> _Brief_: Retype the material that follows exactly, limited to the lines from the one with "Taoglas TMJ19911ADNL Magnetic" through the one with "虽然黑豹被胜七所伤,但是泗水", and keep out all pictures.

> _Data shown_:
§ §
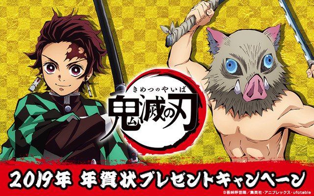 吾峠呼世晴原作のTVアニメ「鬼滅の刃」が2019年4月より放送されることを記念し、アニメの描き下ろしイラストを使用した年賀状が、抽選で2019名に当たるキャンペーンが開催されている。
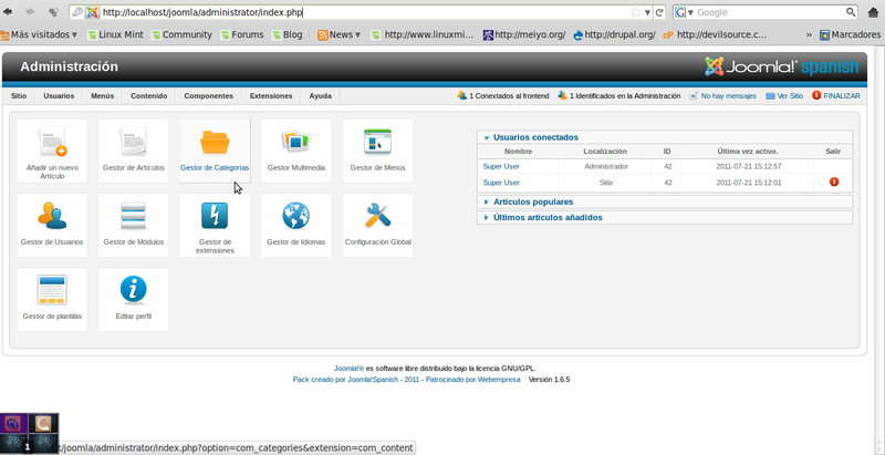 Ahora ya tenéis instalado joomla ya podéis dirigiros a administración y empezar a meterle traya a vuestro sitio web.En la parte superior derecha encontráis dos botones SITIO y ADMINISTRADOR.
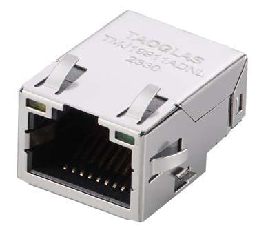 Taoglas TMJ19911ADNL Magnetic Jack RJ45 ICM, 10/100 Base-T, 1x1, Low Profile, Tab Up, 8 pin SMT, T+CMC, Mid-mount, Shielded EMI Finger, LED, Industrial grade
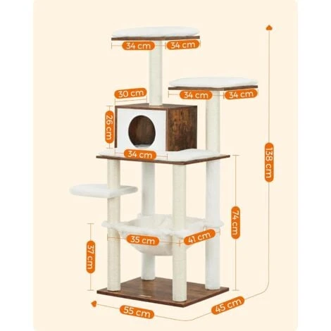 Avec un contraste visuel entre la surface boisée marron rustique et les tissus blancs, cet arbre à chat de 138 cm embellit votre intérieur
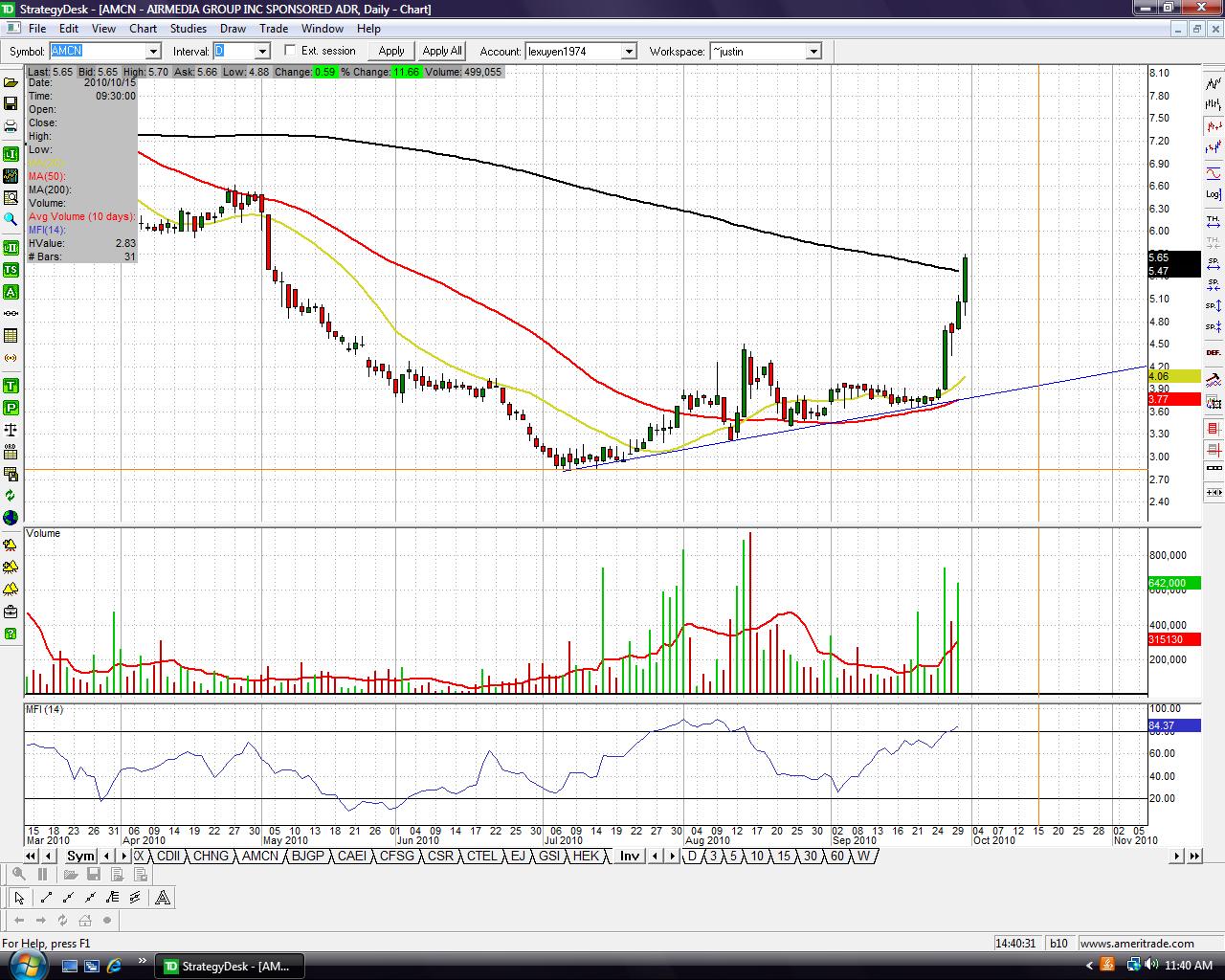 Very healthy looking stock. Rise on heavy volume and pulls back on light volume. There is resistance @ $5.80. Watch for a pull back before entering.
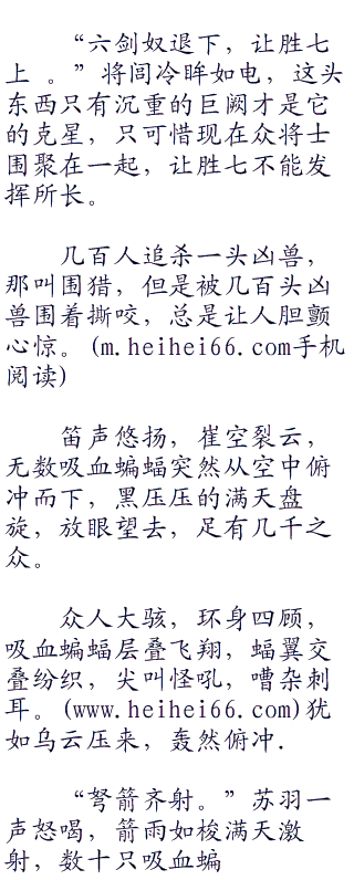 虽然黑豹被胜七所伤,但是泗水亭外兽吼连声,头顶上有聚集这大批的吸血蝙蝠,情况并不乐观。
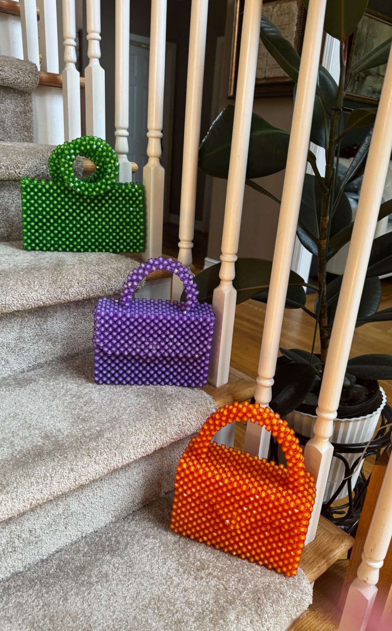 The Sade is your go-to top-handle bag for when you want to stand out without saying a word. Bursting with color and packed with personality, this handmade beauty brings the fun to any fit — day or night. She’s playful, confident, and full of that effortless charm (just like her namesake).
§ §
> _Task output_:
 Taoglas TMJ19911ADNL Magnetic Jack RJ45 ICM, 10/100 Base-T, 1x1, Low Profile, Tab Up, 8 pin SMT, T+CMC, Mid-mount, Shielded EMI Finger, LED, Industrial grade
 Avec un contraste visuel entre la surface boisée marron rustique et les tissus blancs, cet arbre à chat de 138 cm embellit votre intérieur
 Very healthy looking stock. Rise on heavy volume and pulls back on light volume. There is resistance @ $5.80. Watch for a pull back before entering.
 虽然黑豹被胜七所伤,但是泗水亭外兽吼连声,头顶上有聚集这大批的吸血蝙蝠,情况并不乐观。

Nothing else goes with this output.